The president has been indicted by the International Criminal Court (ICC) on counts of genocide and war crimes.

Mr Bashir has been in power since 1989. He won elections in April last year.

He told the BBC's Thomas Fessy that his job was "exhausting" and his current term would be his last.

"In 2020, there will be a new president and I will be an ex-president," he said.

However, sceptics will say that he had already pledged to step down in the past and later went back on his word, our correspondent says.

'No aerial bombing'

The UN says more than 2.5 million people have been displaced in Darfur since 2003 - with more than 100,000 this year alone.

Image copyright Reuters
Image caption Mr Bashir's supporters carried a mock coffin of the ICC after he returned to Sudan in June 2015

President Bashir said that there was no reason for the UN peacekeepers and aid workers to stay in the troubled Darfur region.

He denied reports of recent abuses in the mountains of Jebel Marra where government forces launched an offensive in January.

"All these allegations are baseless, none of these reports is true," he said.

"We challenge anyone to visit the areas recaptured by the armed forces, and find a single village that has been torched.

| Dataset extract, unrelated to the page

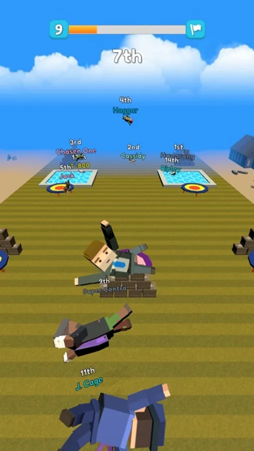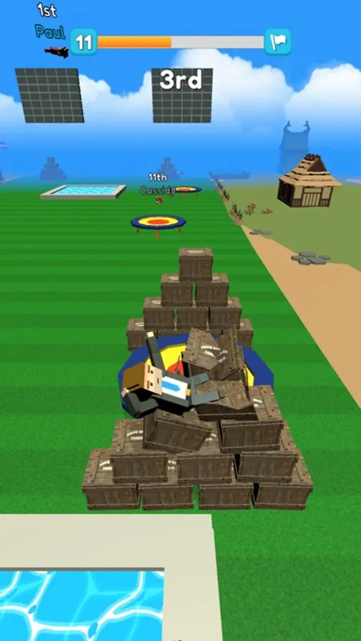 Reach to the end of the racing track, try to be the first. Jump, bump and do whatever you can to win the race!
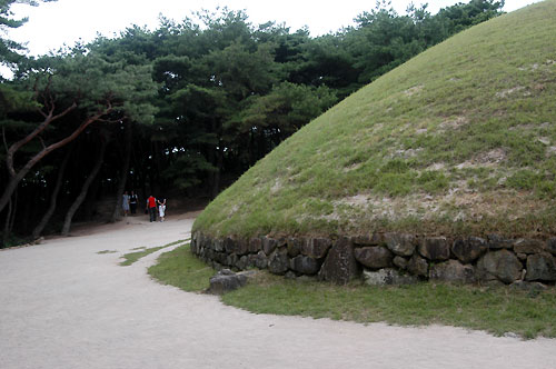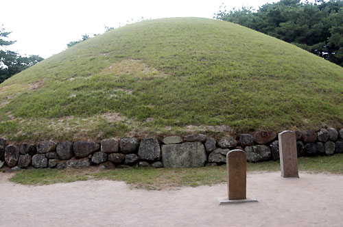 The royal tombs, with a total circumference of 74m, a height of 6.8m, and a diameter of 24m, were stacked in a round shape with soil, and the lower part was stacked with two to three layers of natural stones to protect the tomb.

"In fact, there hasn't been any aerial bombing."


Bashir at a glance:

Image copyright Reuters
Image caption The president said that evidence of popularity in Sudan could clearly be seen the huge crowds that greeted him everywhere
  • Fights in Egyptian army in 1973 Arab-Israeli war
  • Seizes power in Sudan in 1989 coup
  • Gives asylum to al-Qaeda leader Osama bin Laden in 1990s
  • First head of state indicted by ICC in 2009
  • Accused of war crimes in Darfur; denies charges
  • Makes peace with southern rebels in 2005
  • Oversees south's secession in 2011

Read our full profile

Darfur conflict: A bloody stalemate

Where can Sudan's Bashir go now?


The president said that people who fled the fighting had gone to government-controlled areas which was "proof that the government does not target citizens".

President Bashir said that UN estimates that more than 100,000 people have been displaced in Darfur since January because of the fighting were "highly inflated and not real".

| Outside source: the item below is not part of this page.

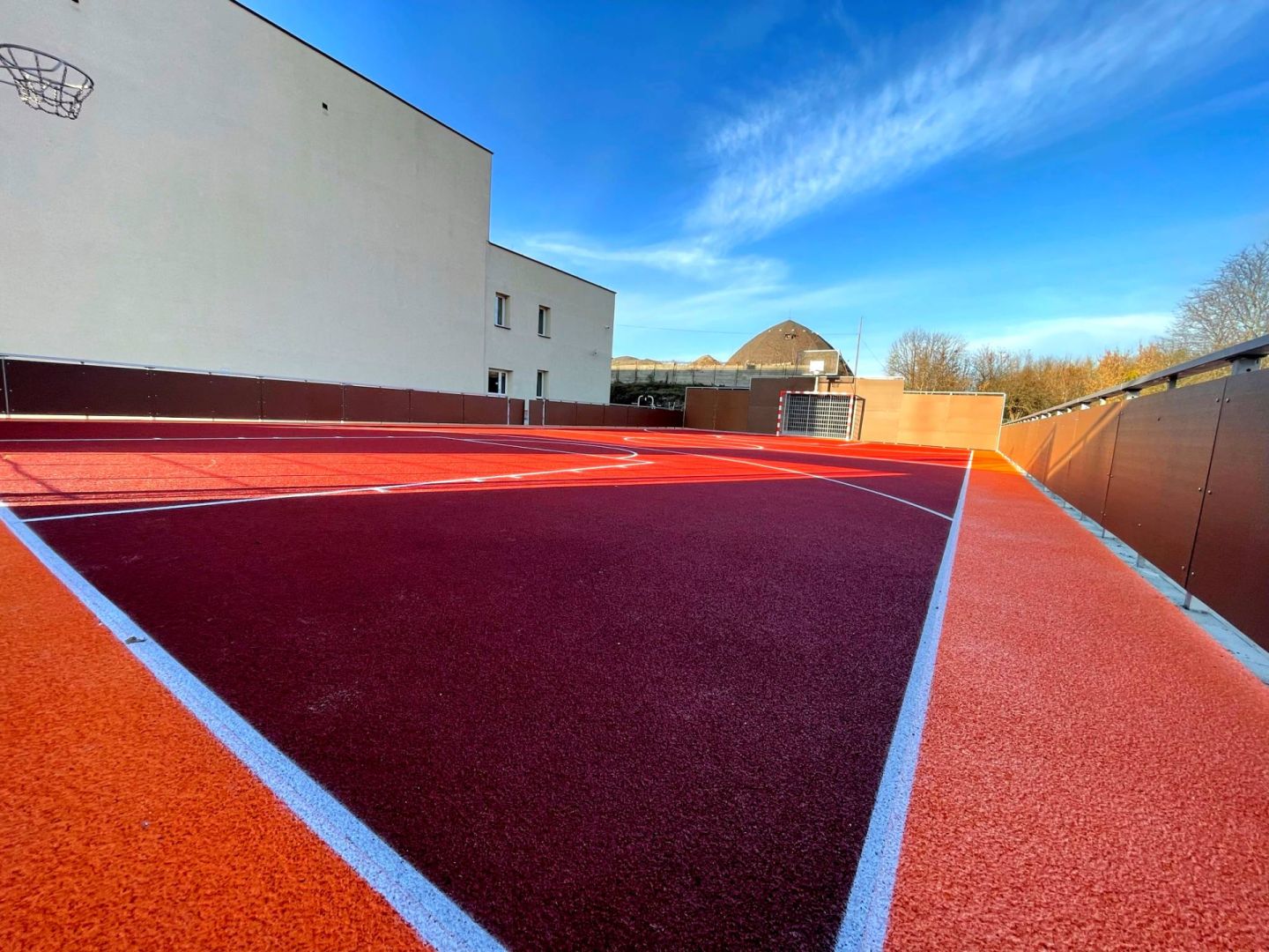 14. Wykonanie nawierzchni boisk : EPDM dwuwarstwowe.

"Only a very small number of people have been displaced and they have either reached our positions or [gone to] where the UN peacekeepers [Unamid] are deployed.

The president said that UN forces and Unamid "have no vital role to play" in Darfur, "not even in defending themselves and their units".

"As peace has returned to Darfur, I think that they have no role to undertake and that's why we want them to leave."

Likewise he said there was no role in the region for aid workers because there is no food crisis in Darfur.

He said that estimates that 2.5 million people were living in camps in Darfur were "much too inflated" and the true figure is closer to 160,000.

The president dismissed the ICC as a "politicised tribunal" and that evidence of his popularity in Sudan could clearly be seen by the huge crowds that greet him.

"These are the same crowds I'm accused of having committed genocide and ethnic cleansing against. This is why I've defied the tribunal, and [why] I've been travelling freely around the world."

Mr Bashir was re-elected last year with about 94% of the vote in an election boycotted by the main opposition parties who said it was not free and fair.